**What you should do:**
Using the records below, copy exactly the part that opens with the line holding "よく野菜に抱き着くようにくっついていてかわいいです。" and closes with the line holding "BAGUETTE | Round", minus the pictures.

**Record excerpts:**
#####

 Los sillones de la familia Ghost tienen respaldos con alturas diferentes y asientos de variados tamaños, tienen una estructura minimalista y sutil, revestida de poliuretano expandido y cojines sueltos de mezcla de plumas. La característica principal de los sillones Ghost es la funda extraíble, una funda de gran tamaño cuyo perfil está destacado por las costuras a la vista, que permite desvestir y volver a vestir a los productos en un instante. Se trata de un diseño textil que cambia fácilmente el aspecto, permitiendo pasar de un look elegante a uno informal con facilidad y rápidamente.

#####

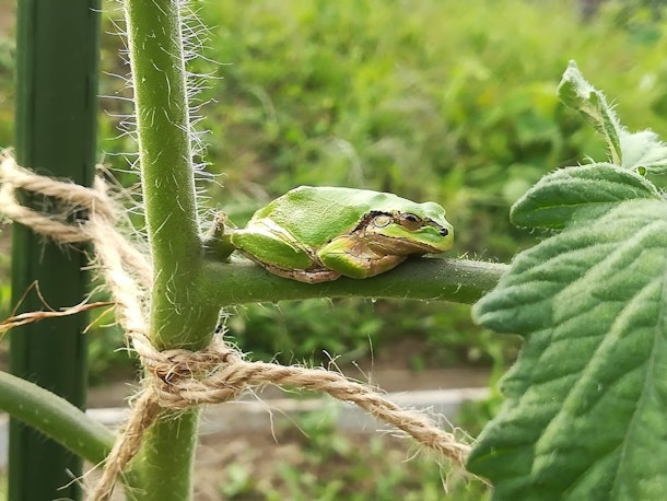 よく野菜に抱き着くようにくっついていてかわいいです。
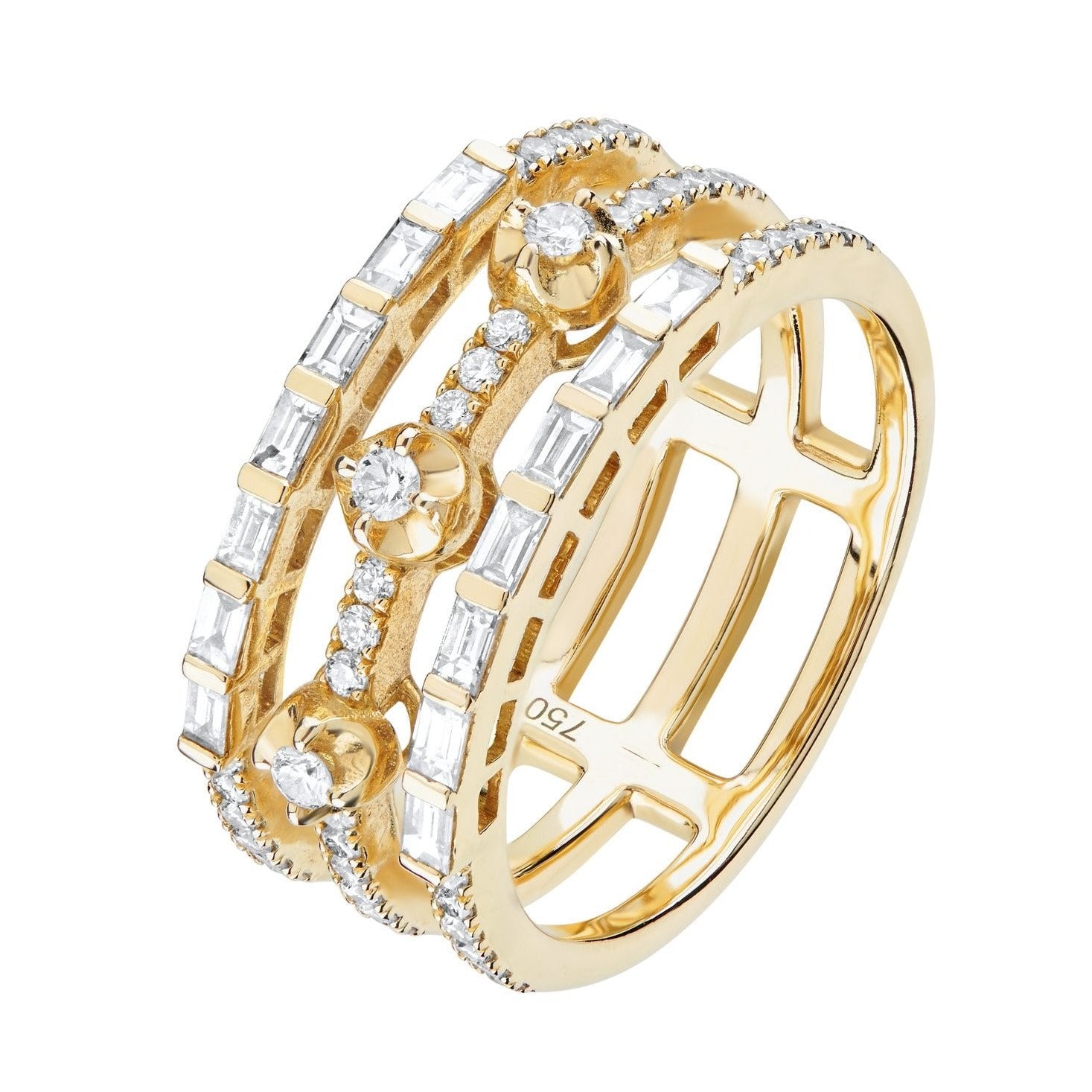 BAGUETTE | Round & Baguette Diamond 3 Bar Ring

#####

**Answer:**
 よく野菜に抱き着くようにくっついていてかわいいです。
 BAGUETTE | Round & Baguette Diamond 3 Bar Ring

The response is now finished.